DigiWorld research area priority domains

  1. Advanced computational methods and artificial intelligence (AI)

The domain covers the research, both basic and applied, which blaze the trail to the development and conception of new computational techniques adjusted to different types of data, including among other things: non-standard types of machine learning (ML; e.g. semi-supervised learning, multi-task learning, multi-modal learning); non-linear signal multiplexing; advanced ML optimization methods; ML on small datasets, explainable AI; designing biologically based neural networks, building neuromorphic systems; quantum algorithms and quantum cyber security; computational social choices; analyses of image, speech, data streams etc.

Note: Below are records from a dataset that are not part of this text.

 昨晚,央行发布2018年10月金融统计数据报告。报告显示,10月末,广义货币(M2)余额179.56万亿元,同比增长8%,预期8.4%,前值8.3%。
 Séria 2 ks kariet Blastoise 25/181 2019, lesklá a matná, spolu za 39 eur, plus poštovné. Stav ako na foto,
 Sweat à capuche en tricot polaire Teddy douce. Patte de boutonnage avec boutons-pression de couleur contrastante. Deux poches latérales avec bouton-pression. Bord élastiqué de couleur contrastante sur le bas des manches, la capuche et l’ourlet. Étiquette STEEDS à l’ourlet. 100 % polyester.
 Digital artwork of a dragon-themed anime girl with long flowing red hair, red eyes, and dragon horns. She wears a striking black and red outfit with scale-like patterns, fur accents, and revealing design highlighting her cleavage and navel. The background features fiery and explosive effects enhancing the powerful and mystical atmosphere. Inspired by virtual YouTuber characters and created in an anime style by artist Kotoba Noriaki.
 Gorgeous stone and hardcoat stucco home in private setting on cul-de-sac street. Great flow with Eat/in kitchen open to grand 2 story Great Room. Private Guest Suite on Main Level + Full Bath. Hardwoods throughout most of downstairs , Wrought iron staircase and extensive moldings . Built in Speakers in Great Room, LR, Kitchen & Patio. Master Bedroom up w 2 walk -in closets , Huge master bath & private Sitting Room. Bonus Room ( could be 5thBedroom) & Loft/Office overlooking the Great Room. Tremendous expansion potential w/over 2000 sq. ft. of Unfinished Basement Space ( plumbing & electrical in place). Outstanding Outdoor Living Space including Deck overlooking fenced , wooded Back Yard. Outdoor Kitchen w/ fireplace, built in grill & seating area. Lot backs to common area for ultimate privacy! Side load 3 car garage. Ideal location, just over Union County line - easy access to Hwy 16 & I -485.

  1. Digital transformation of society and economy

The domain addresses research problems of digital transformations as well as the human being and society in the digital world, including among other things: human-machine interfaces, brain-computer interfaces, affective computing; psychological effects of digitalization as well as the use of tools of artificial intelligence for the analysis of psychological experiments; ethics, law and politics in relation to the development, implementation and use of information and communication technologies (e.g. autonomous machines), but also machine-learning-assisted legal decision processes; cyber security problems (securitization of the cyberspace, dehumanization of the battlefield); digital economy and macroeconomic and financial risk in a digital world (including the use of neural networks in the analysis of data from financial markets, exchange markets etc.); the effect of the newest technologies on media and social communication (including quantitative analysis, e.g. in order to develop strategies of fighting fake news).

  1. Digital humanities

This domain includes among other things: digital studies of language, literature and art: quantitative and qualitative analysis of text and multimedia data, use of computational methods (machine learning, information retrieval, text mining, natural language processing) in literary, linguistic and cultural studies (stylometry, computational linguistics, including corpus linguistics, machine translation studies etc.); cultural heritage digital archives (text, image, sound, film, maps and 3D models): generating and maintaining digital resources, including text and multimedia digitalization, architectural, archaeological and other scans: effect of digitalization on social and cultural life; communication/cultural texts in a digital world (e.g. computer games, new media, electronic literature), digital tools and methods in teaching and translation.

  1. AI in exact and life sciences

This domain spans the application and adjustment of diverse methods of artificial intelligence to large datasets in specific research problems of exact and life sciences, among other things: processing and analysis of macro- and microscopic images from space missions, generating and interpreting digital terrain models (DTMs); processing social, economic, geographical and other spatial data (satellite, aerial, lidar etc.) in order to model complex systems human – environment; analyses of medical and biological images; modelling and prediction of the properties and reactivity of chemical compounds, bioactive substances etc., investigation of self-organization of complex systems at the micro scale; optimizing and detecting elementary particles in the LHC experiments.